Exercise requirements - Read through the data, and wherever a line holds the word "with", write that line out.

Stored entries
┌────────

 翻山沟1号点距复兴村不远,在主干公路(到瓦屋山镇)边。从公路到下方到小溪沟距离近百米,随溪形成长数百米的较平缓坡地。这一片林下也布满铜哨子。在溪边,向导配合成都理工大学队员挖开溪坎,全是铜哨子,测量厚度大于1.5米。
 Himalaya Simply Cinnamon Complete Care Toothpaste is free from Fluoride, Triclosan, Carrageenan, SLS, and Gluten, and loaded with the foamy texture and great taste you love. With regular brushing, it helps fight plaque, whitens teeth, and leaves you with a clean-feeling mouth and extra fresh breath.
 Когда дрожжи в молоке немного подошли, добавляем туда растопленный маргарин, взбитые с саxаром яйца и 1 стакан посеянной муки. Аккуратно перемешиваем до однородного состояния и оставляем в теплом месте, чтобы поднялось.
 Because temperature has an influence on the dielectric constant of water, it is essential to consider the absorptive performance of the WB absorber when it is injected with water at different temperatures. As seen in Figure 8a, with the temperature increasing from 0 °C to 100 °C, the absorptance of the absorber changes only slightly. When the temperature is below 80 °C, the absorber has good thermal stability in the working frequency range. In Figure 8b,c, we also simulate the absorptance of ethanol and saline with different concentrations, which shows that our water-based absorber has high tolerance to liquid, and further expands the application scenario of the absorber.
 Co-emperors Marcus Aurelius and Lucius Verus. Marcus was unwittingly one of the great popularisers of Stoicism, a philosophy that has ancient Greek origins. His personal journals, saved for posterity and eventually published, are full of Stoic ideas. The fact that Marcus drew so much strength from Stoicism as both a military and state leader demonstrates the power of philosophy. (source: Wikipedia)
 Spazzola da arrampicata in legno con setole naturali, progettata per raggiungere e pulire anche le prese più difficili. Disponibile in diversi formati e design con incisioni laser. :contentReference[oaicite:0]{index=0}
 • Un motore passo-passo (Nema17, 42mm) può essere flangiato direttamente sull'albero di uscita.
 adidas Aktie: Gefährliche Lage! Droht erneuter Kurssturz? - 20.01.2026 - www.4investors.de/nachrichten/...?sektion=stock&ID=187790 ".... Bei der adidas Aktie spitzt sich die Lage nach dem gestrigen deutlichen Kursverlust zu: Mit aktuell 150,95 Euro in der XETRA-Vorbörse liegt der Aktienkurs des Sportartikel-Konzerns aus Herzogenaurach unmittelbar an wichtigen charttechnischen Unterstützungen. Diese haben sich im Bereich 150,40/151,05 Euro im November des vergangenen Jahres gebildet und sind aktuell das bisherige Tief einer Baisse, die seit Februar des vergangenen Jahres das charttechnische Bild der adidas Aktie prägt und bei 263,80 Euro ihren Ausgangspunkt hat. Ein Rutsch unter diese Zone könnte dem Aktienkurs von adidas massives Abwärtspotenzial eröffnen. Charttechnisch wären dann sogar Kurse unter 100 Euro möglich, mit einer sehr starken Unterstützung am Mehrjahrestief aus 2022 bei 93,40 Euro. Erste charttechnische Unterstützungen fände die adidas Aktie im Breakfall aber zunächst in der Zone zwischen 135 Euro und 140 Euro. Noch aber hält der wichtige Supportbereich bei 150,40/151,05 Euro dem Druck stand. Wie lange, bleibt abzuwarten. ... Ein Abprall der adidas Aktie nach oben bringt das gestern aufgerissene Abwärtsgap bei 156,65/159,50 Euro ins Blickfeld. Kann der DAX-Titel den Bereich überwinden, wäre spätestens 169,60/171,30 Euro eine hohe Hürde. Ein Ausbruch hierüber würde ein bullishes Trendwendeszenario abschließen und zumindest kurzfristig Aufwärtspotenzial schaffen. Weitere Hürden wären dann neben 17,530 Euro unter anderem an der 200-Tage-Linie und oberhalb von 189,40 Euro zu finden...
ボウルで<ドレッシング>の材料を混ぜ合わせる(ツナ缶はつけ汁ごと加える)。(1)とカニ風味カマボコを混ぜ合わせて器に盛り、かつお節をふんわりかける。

└────────

Answer to this task -
 Himalaya Simply Cinnamon Complete Care Toothpaste is free from Fluoride, Triclosan, Carrageenan, SLS, and Gluten, and loaded with the foamy texture and great taste you love. With regular brushing, it helps fight plaque, whitens teeth, and leaves you with a clean-feeling mouth and extra fresh breath.
 Because temperature has an influence on the dielectric constant of water, it is essential to consider the absorptive performance of the WB absorber when it is injected with water at different temperatures. As seen in Figure 8a, with the temperature increasing from 0 °C to 100 °C, the absorptance of the absorber changes only slightly. When the temperature is below 80 °C, the absorber has good thermal stability in the working frequency range. In Figure 8b,c, we also simulate the absorptance of ethanol and saline with different concentrations, which shows that our water-based absorber has high tolerance to liquid, and further expands the application scenario of the absorber.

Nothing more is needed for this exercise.